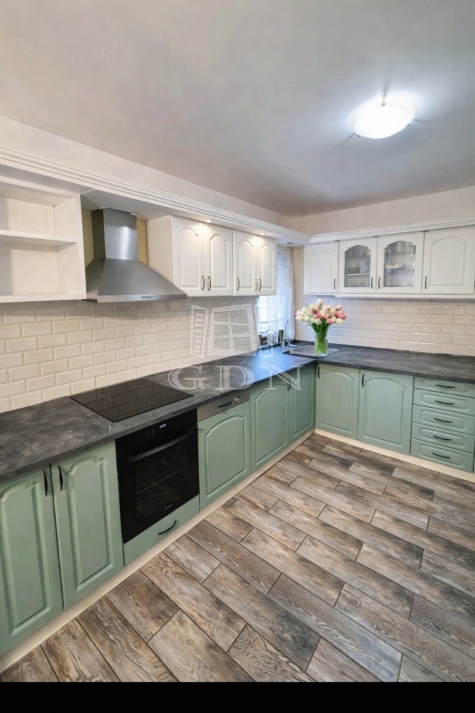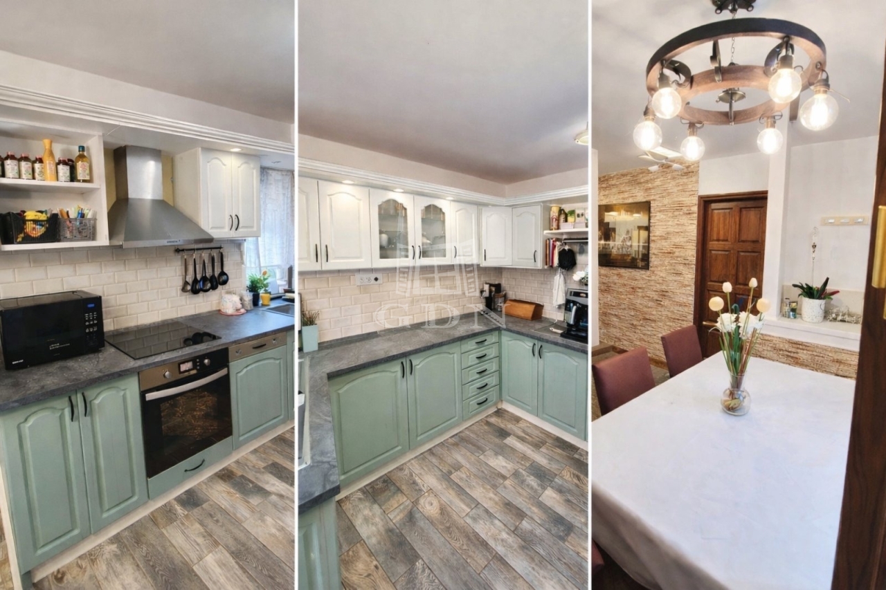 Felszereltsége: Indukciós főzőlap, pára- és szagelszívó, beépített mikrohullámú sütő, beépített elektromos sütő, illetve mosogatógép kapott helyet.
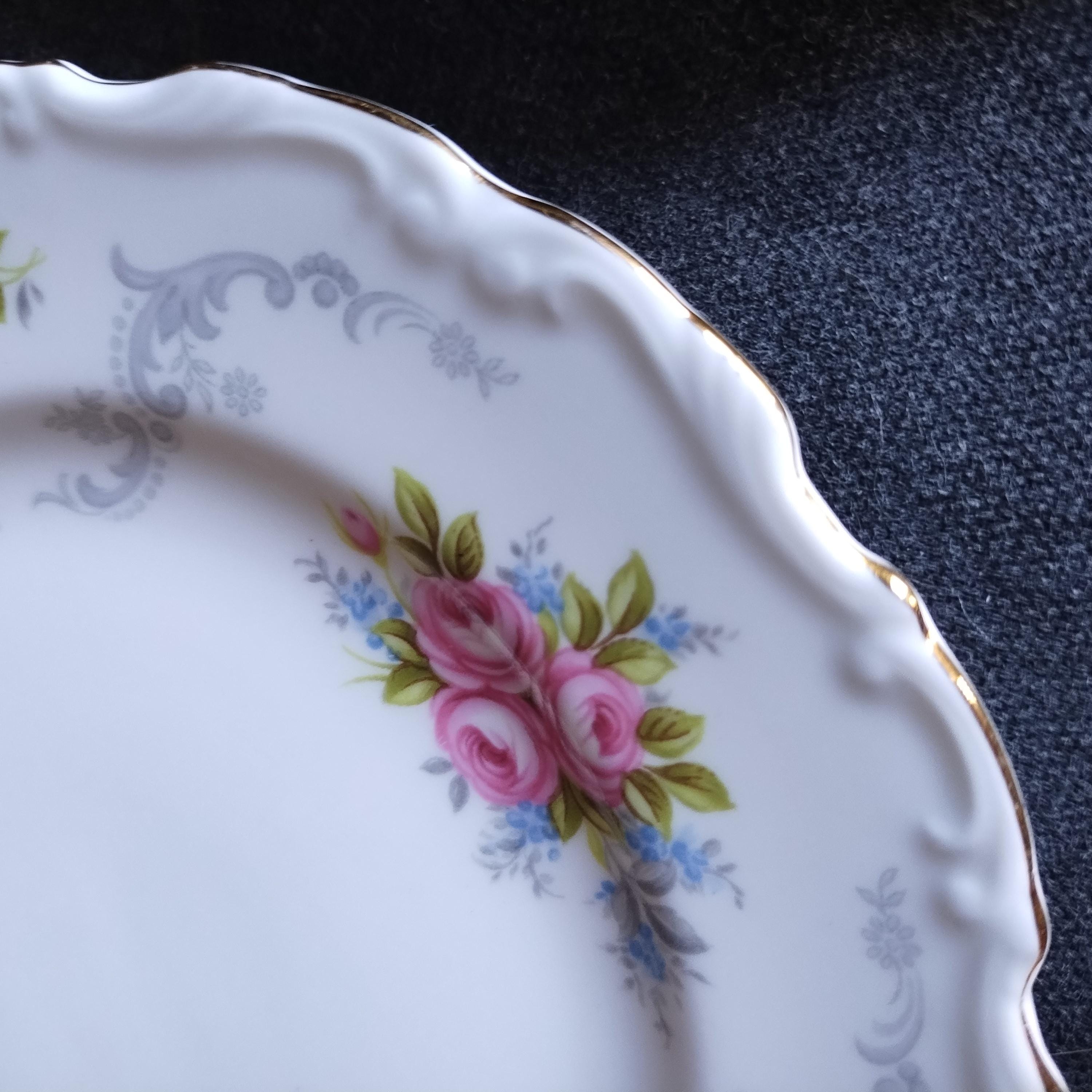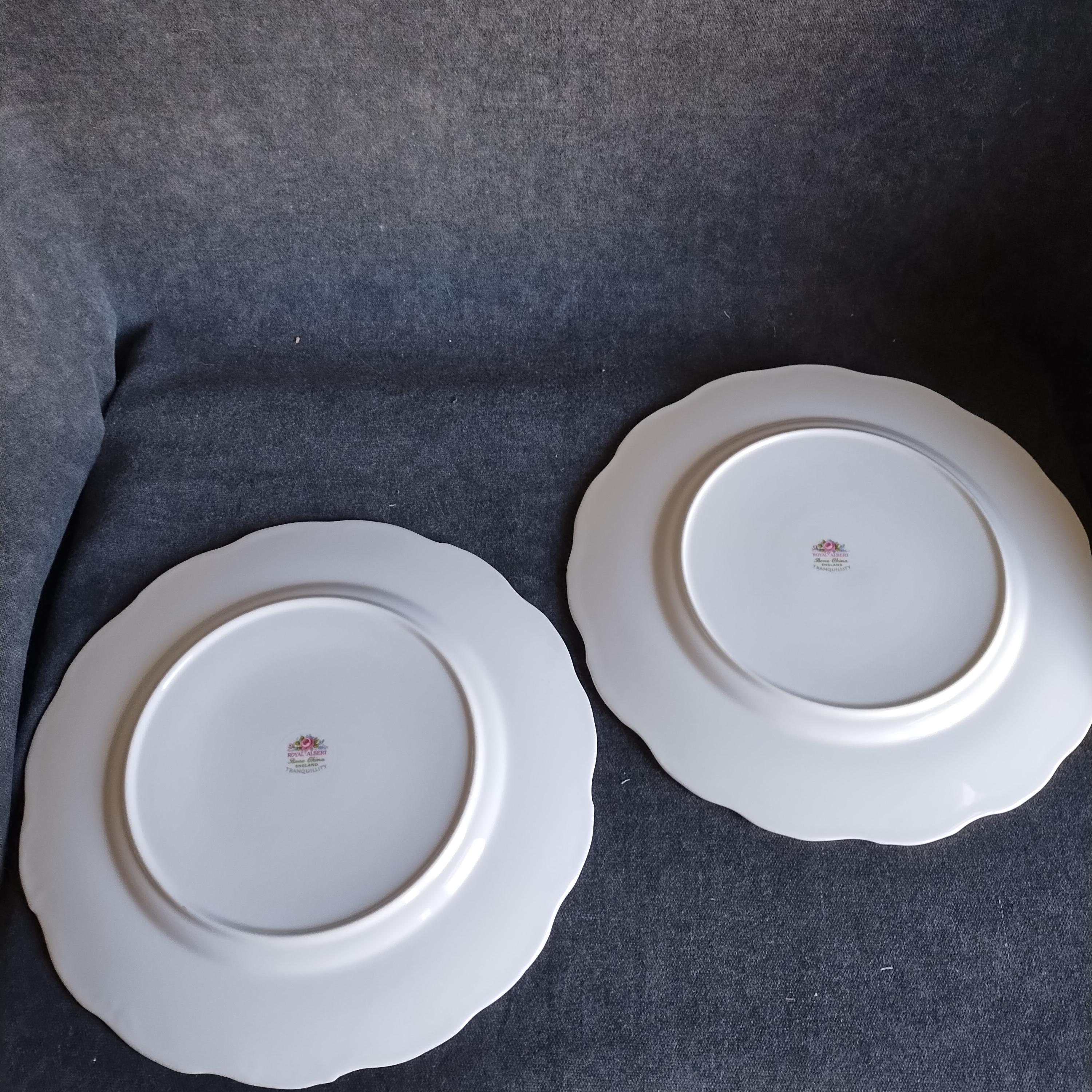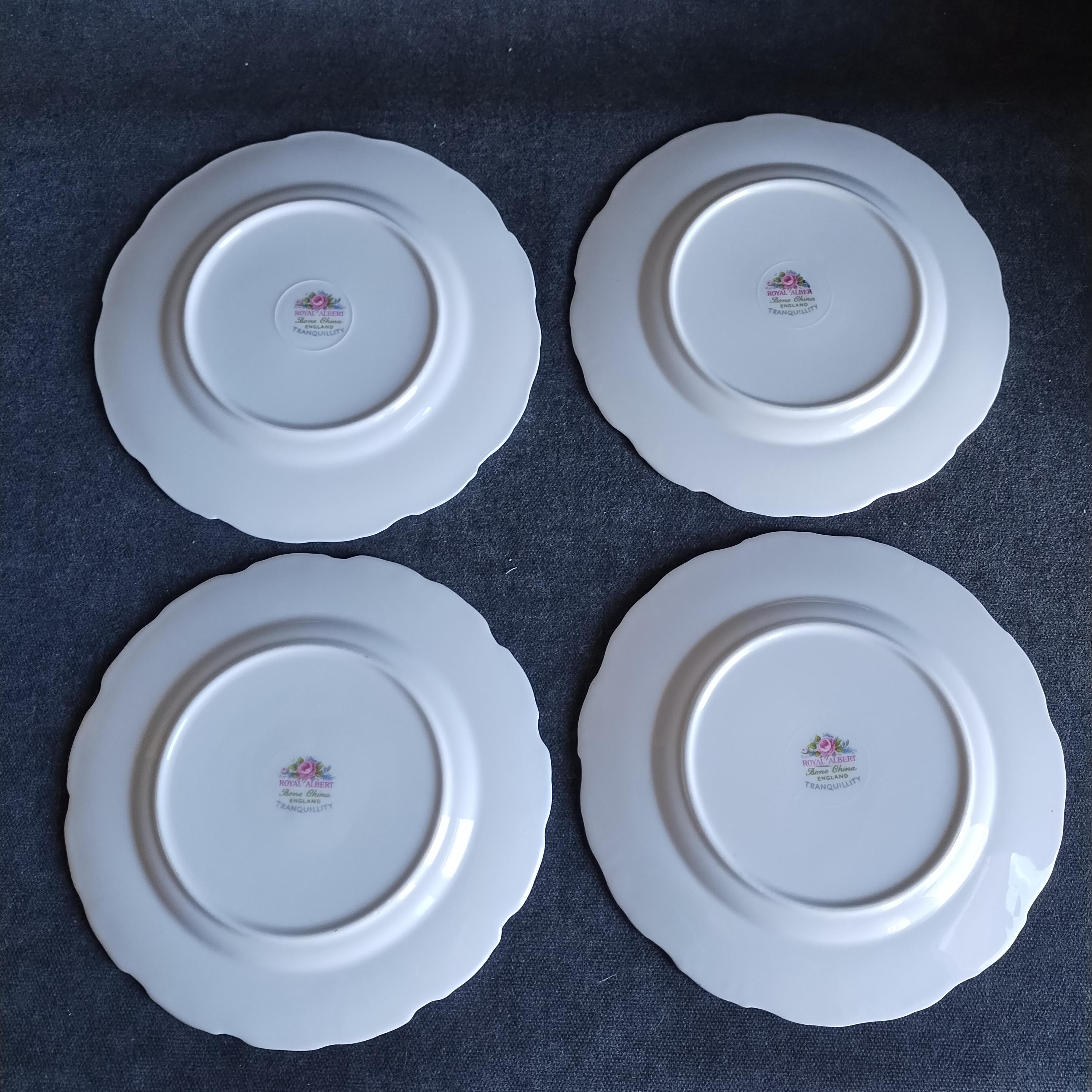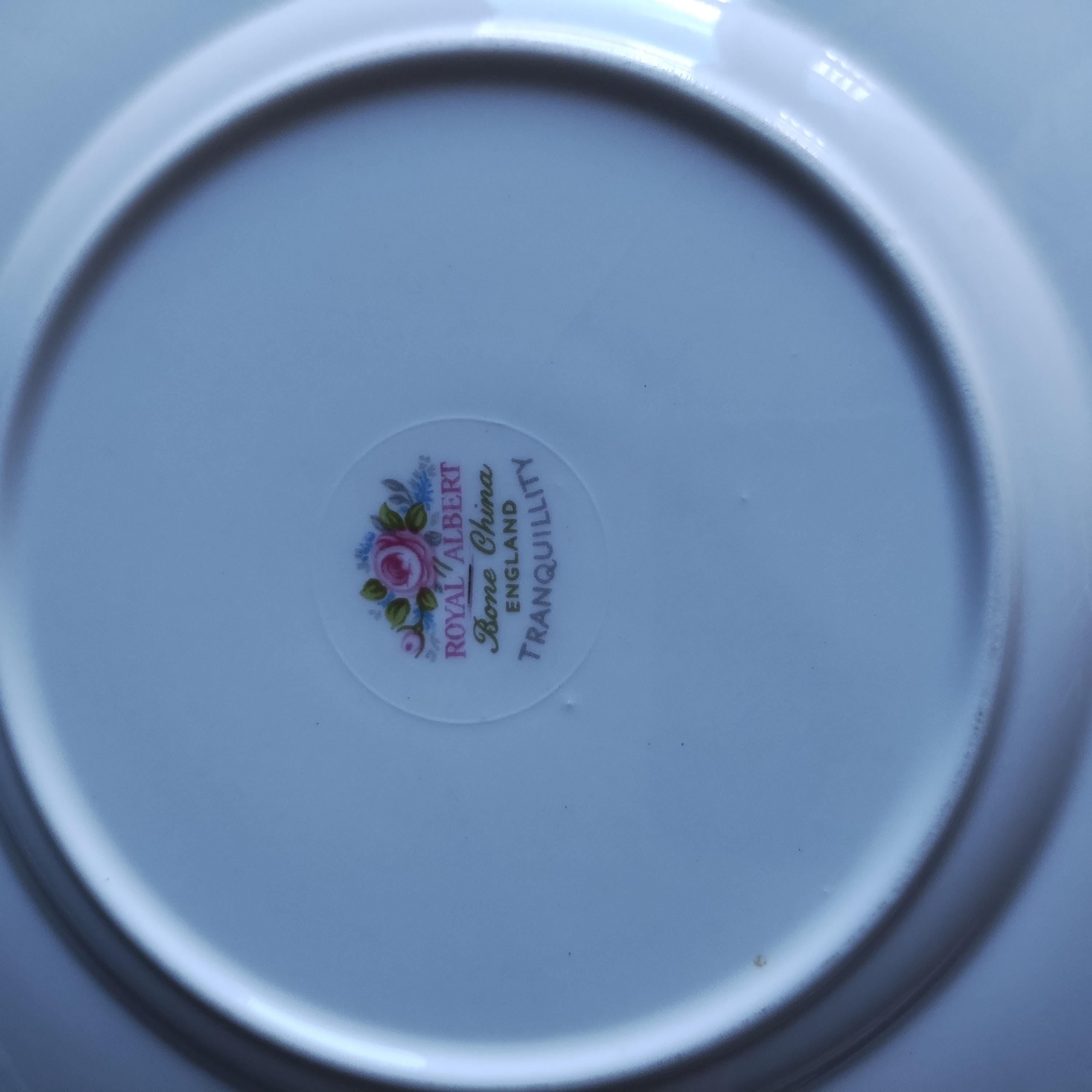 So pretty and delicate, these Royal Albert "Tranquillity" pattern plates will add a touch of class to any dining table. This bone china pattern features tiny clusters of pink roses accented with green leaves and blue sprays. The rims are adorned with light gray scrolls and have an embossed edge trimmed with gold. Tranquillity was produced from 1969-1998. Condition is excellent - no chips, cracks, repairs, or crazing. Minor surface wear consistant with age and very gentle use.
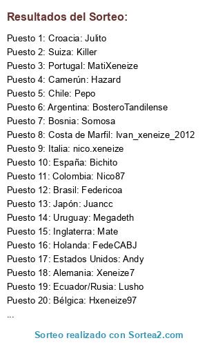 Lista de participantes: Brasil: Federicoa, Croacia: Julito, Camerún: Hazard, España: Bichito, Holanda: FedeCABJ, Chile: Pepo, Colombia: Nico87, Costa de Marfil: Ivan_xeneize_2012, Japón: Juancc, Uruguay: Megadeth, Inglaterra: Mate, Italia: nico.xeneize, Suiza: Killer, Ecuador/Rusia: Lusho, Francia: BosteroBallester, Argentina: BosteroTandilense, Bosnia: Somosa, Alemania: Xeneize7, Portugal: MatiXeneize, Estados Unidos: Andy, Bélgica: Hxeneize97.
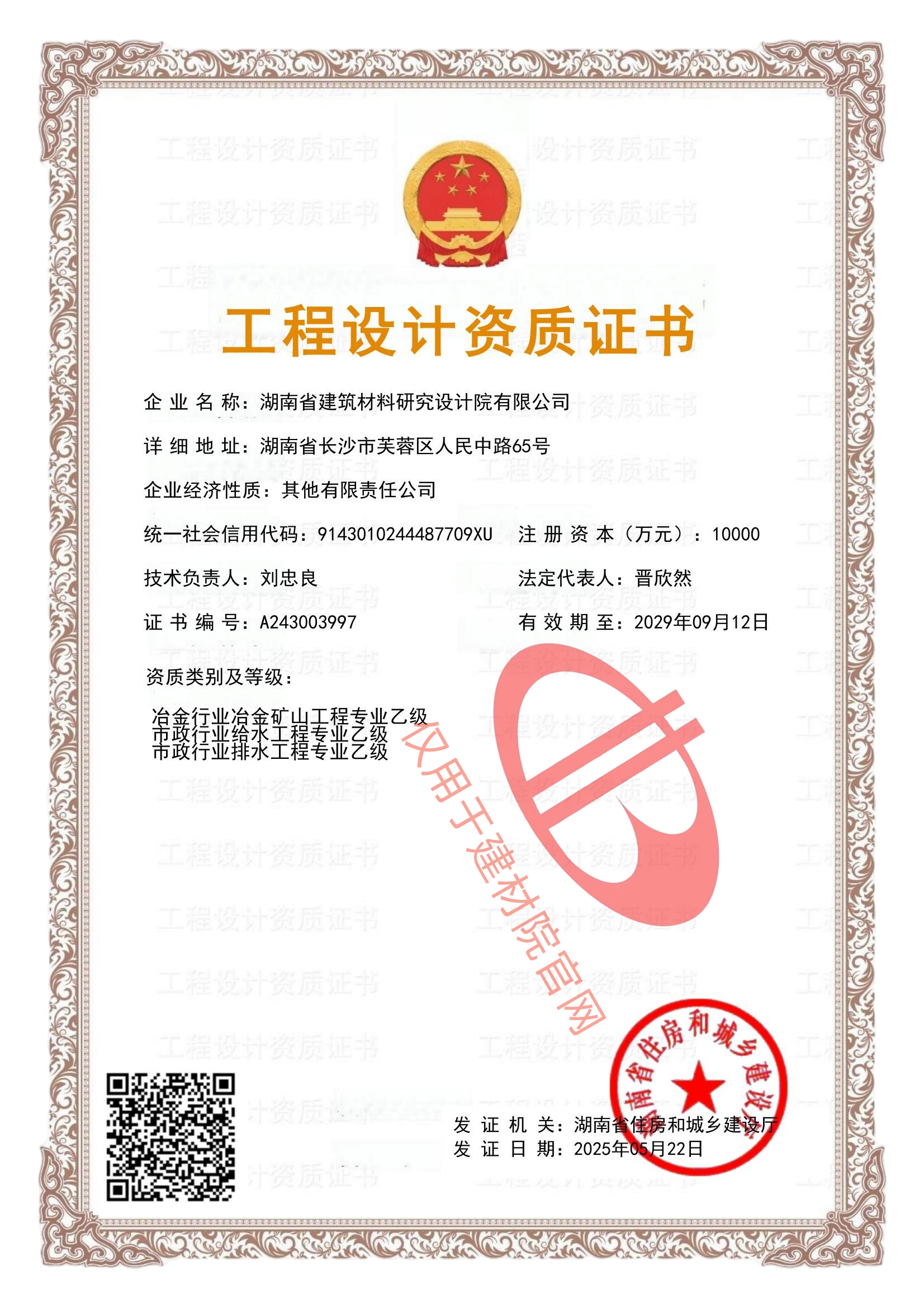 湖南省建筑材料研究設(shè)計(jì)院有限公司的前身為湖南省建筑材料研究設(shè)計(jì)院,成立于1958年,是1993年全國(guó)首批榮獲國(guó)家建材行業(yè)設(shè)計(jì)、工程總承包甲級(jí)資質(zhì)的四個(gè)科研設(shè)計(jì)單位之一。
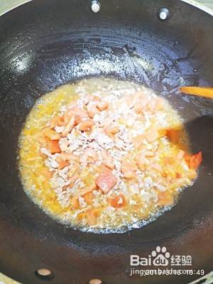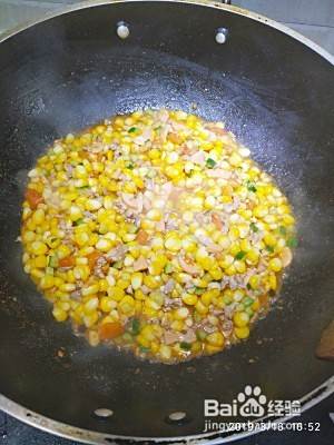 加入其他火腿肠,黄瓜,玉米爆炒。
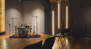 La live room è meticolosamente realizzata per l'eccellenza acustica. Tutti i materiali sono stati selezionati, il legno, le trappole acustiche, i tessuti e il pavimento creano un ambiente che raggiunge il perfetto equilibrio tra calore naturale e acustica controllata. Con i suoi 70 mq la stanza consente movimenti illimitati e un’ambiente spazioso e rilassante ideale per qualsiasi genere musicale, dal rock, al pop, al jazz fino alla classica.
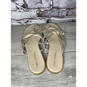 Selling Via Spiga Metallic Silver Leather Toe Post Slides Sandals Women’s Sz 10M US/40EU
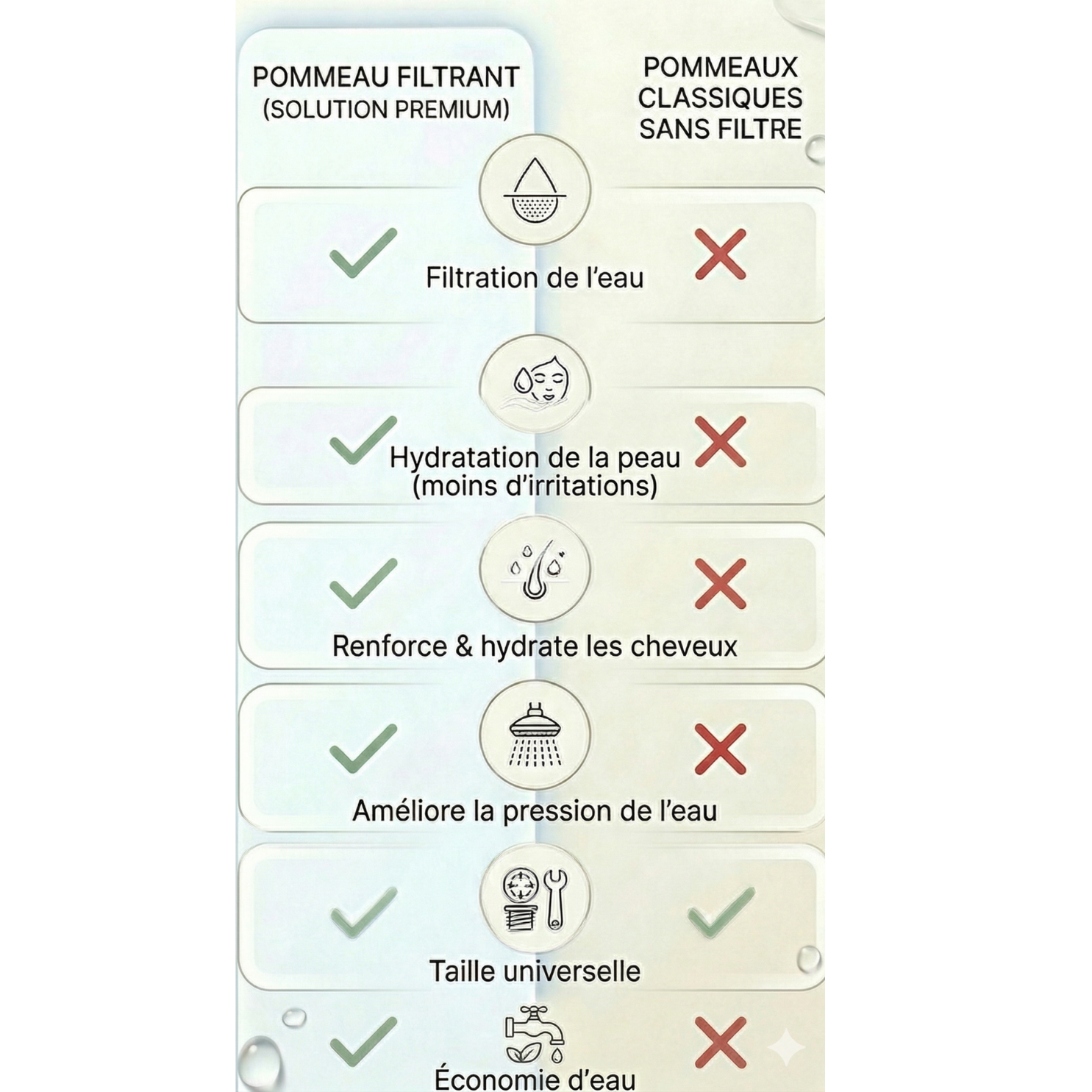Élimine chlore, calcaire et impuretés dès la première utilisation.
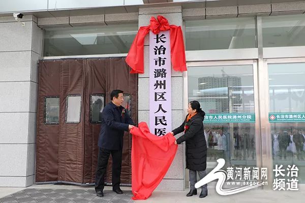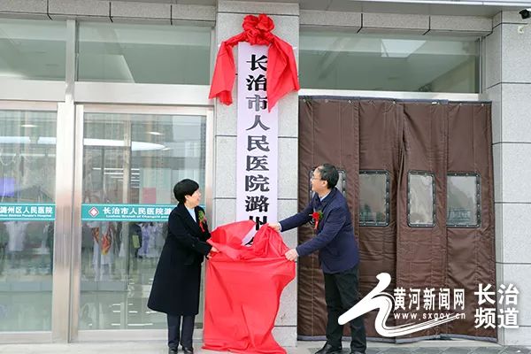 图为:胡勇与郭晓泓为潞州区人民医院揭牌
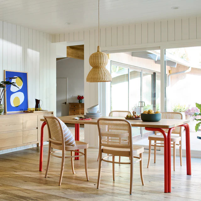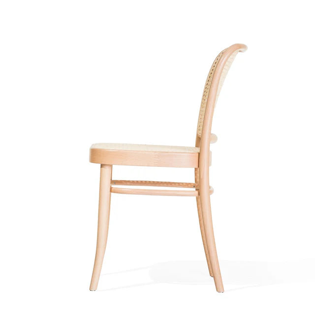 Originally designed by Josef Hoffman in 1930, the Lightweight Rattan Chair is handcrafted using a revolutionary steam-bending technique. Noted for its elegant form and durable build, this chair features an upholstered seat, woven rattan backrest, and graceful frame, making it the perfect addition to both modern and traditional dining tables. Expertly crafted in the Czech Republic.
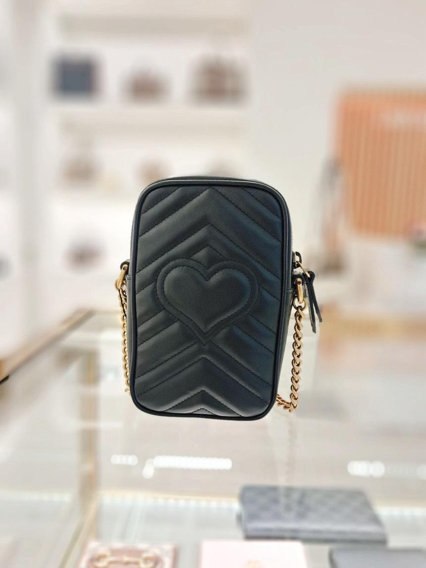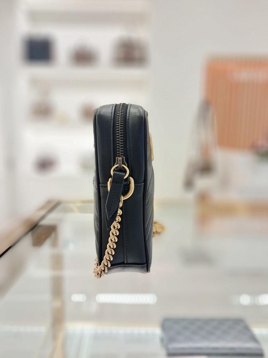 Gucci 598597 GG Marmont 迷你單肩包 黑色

----

Without any pictures, please write out the lines from the one containing "Originally designed by" through the final line of the data, exactly and inclusive of both ends.

 Originally designed by Josef Hoffman in 1930, the Lightweight Rattan Chair is handcrafted using a revolutionary steam-bending technique. Noted for its elegant form and durable build, this chair features an upholstered seat, woven rattan backrest, and graceful frame, making it the perfect addition to both modern and traditional dining tables. Expertly crafted in the Czech Republic.
 Gucci 598597 GG Marmont 迷你單肩包 黑色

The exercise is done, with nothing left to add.